Bus error finetuning whisper model in multi GPU instances

huggingface / blog

Public repo for HF blog posts

https://hf.co/blog

2.41k stars 759 forks source link

Bus error finetuning whisper model in multi GPU instances #1681

Open hitesh-ag1 opened 11 months ago

hitesh-ag1 commented 11 months ago

Hi, I am trying to finetune Whisper according to the blog post here. The finetuning works great in a single GPU scenario, however, fails with multi GPU instances. While executing trainer.train(), multi GPU instances return Bus error (core dumped).

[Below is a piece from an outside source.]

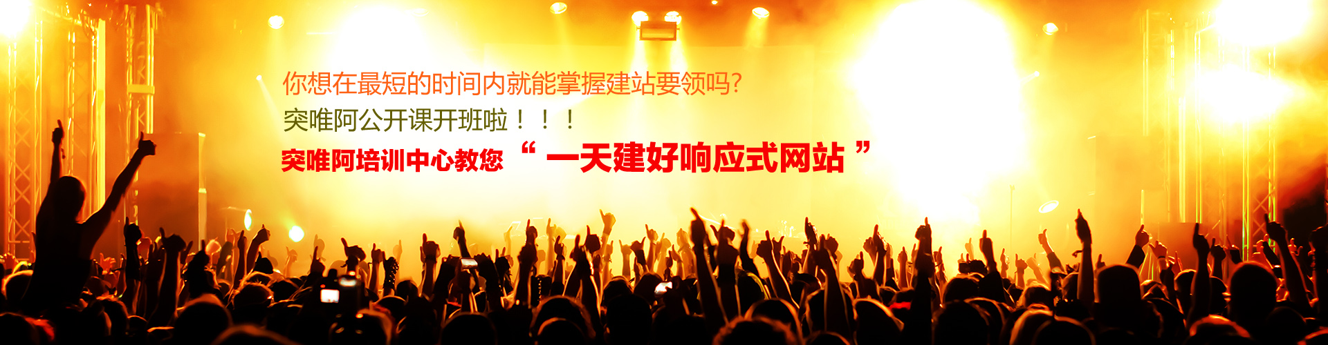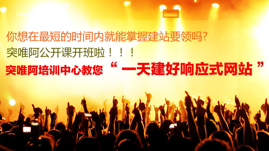 2015年6月28日在突唯阿总部将开展“一天建好响应式网站”第(3)期培训公开课,大师现场教您如何在最短的时间内掌握响应式网站建站要领,如果您想让您的网站与众不同,请联络我们在线客服MM报名或登陆train.tuweia.cn在线报名,此次培训报名人数为20人;

I am working on g5.12xlarge instance for multi GPU on AWS with AMI ID: ami-071323fe2bf59945b on Ubuntu. I would appreciate any guidance or suggestions to resolve this issue.

hitesh-ag1 commented 11 months ago

cc @sanchit-gandhi Any help would be greatly appreciated!

dkrystki commented 11 months ago

Happening to me as well.

sanchit-gandhi commented 8 months ago

Hey @hitesh-ag1, sorry for the late reply here. Could you confirm that you're using one-to-one the same code as with single-GPU fine-tuning? Could you also provide the full stack trace for the error that you're getting? For interest, there's a multi-gpu example for Whisper fine-tuning that you can check out in the Transformers library.